Usability and analysis
As data is now a staple in so many aspects of human activity, the audience for data technologies has expanded to include a varied range of users: from non-experts wishing to peruse datasets, to domain experts with specialized data processing needs. Data systems have not adapted to address these demands effectively: databases' specialized query languages and structure create barriers for non-experts, while the lack of native support for important computing needs leaves experts to develop application-specific solutions themselves. Our work removes data-use barriers by simplifying access for non-experts to data and by augmenting database functionality with advanced problem-solving capabilities, thus simplifying analytics workflows by moving them closer to the data.
![]() |
PackageBuilder: supporting queries for packages [Project page]
Traditional database queries follow a simple model: they define constraints that each tuple in the result must satisfy. This model is computationally efficient, as the database system can evaluate the query conditions on each tuple individually. However, many practical, real-world problems require a collection of result tuples—which we call a package—to satisfy constraints collectively, rather than individually. We developed an end-to-end system that supports package queries, allowing the declarative specification and efficient evaluation of a significant class of constrained optimization problems within a database. Publications: [PVLDB 2016] [SIGMOD Record 2017] [VLDBJ 2017] [CACM 2018] [SIGMOD 2020] [PVLDB 2024] ![]() |
![]() |
SQuID: Semantic-similarity-aware Query Intent Discovery [Project page]
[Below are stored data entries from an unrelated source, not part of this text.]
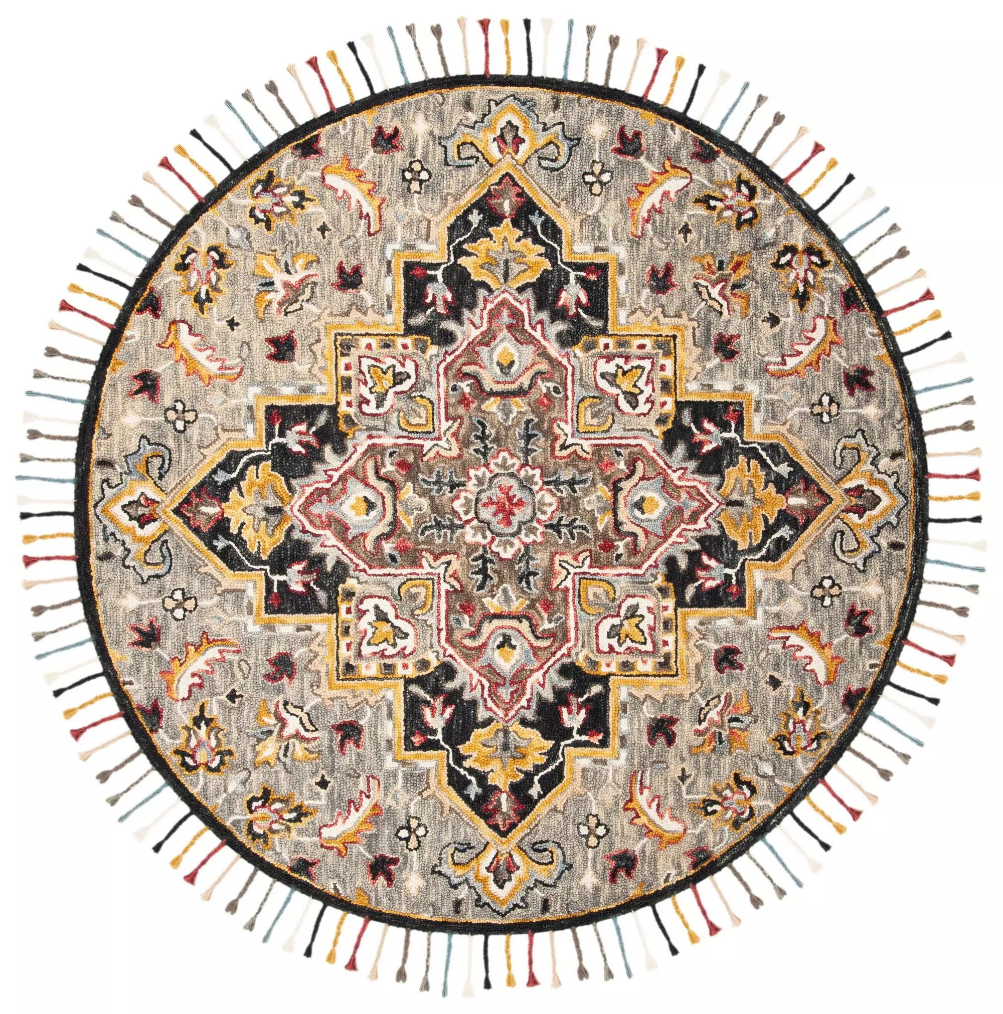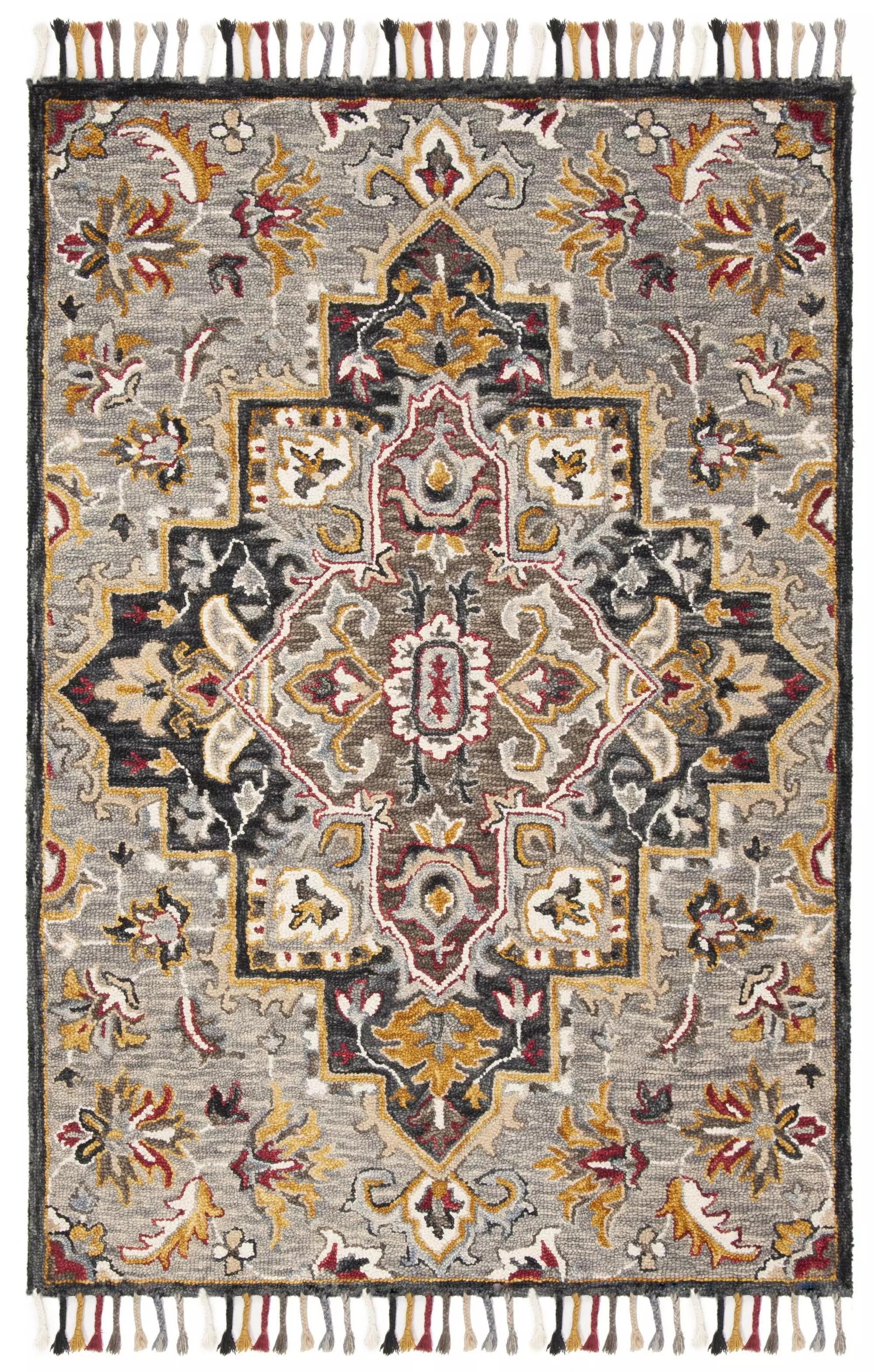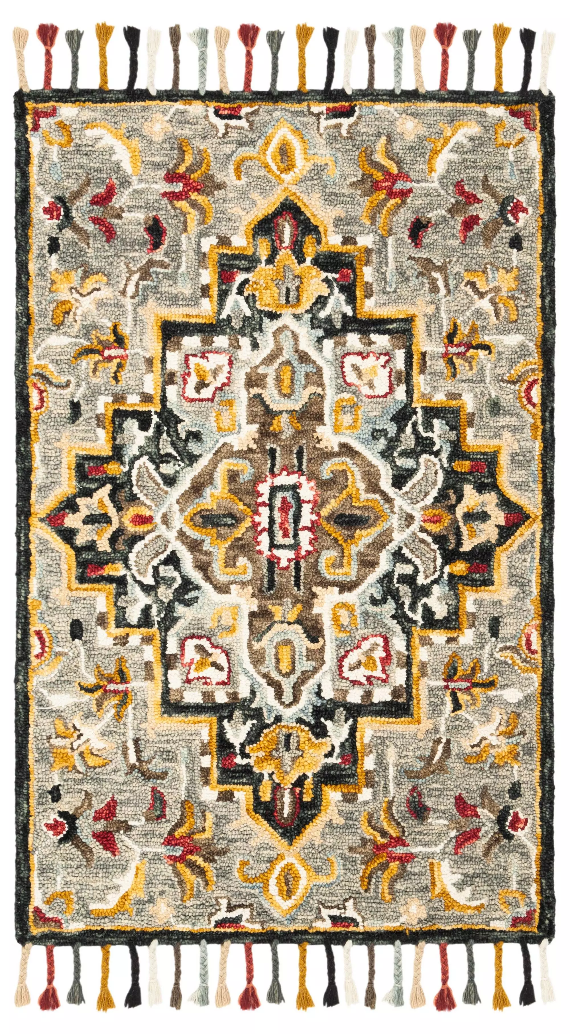 Inspired by the cozy ski lodges of Colorado, the Aspen Collection features fashionable geometric tribal patterned rugs. Using main accent colors of red, blue, and yellow, skilled artisans hand-tuft these wool rugs for exceptional clarity of color and design.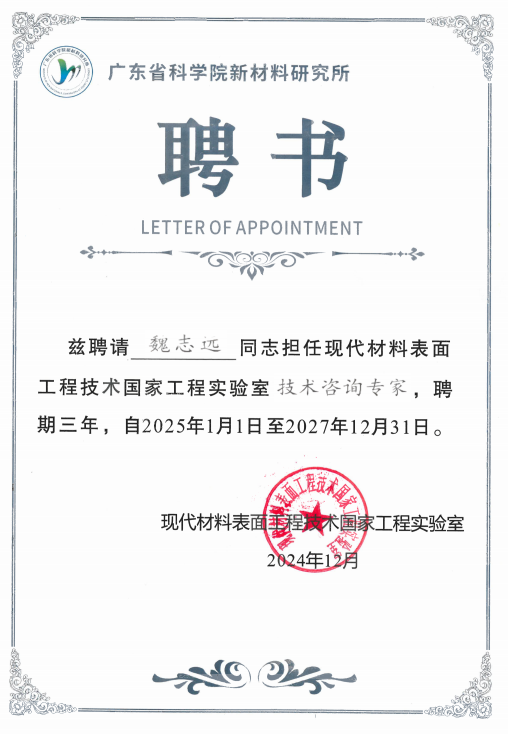 近日,魏志远老师担任现代材料表面工程技术国家工程实验室技术咨询专家一职,这标志着团队的研究成果已受领域专家的充分认可。欢迎专家学者及师生进行科研探讨和合作交流。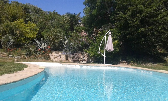 Two other bedrooms with double beds, shower room and wc are located below the house, on the same level as the garden with palm trees, Judas tree, cherry, ash, bamboo. A rock garden overlooking the infinity pool, all in curve, accessible by a gentle slope (ideal for young children), overlooks a vast meadow where children can play freely. Table tennis, deckchairs and parasols, barbecue, parking (3/4 cars), night petanque ground with fridge. Swimming pool with pleasant progressive access for children.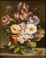 Hollandse School: bloemstilleven met vlinder, olieverf op paneel, r.o. gesigneerd M. Schreuder, tweede helft 20e eeuw

Non-experts cannot easily peruse relational data, as traditional query interfaces allow data retrieval through well-structured queries. To write such queries, one needs expertise in the query language (typically SQL) and knowledge of the potentially complex database schema. Unfortunately, non-expert users typically lack both. SQuID infers query intent effectively by leveraging the data in the database to understand the context of the provided examples. SQuID's abduction-aware probabilistic model captures esoteric and complex semantic contexts, outperforming the state of the art. Publications: [PVLDB 2019][SIGMOD 2018 demo] |
Fairness and diversity
Data-driven software has the ability to shape human behavior: it affects the products we view and purchase, the news articles we read, the social interactions we engage in, and, ultimately, the opinions we form. Yet, data is an imperfect medium, tainted by errors, omissions, and biases. As a result, discrimination shows up in many data-driven applications, such as advertisements, hotel bookings, image search, and vendor services. Biases in data and software risk forming, propagating, and perpetuating biases in society. Data management research should develop tools to detect, inform, and mitigate the effects of bias, skew, and misuse in data-driven processes.
![]() |
Fairness testing and mitigation [Project page]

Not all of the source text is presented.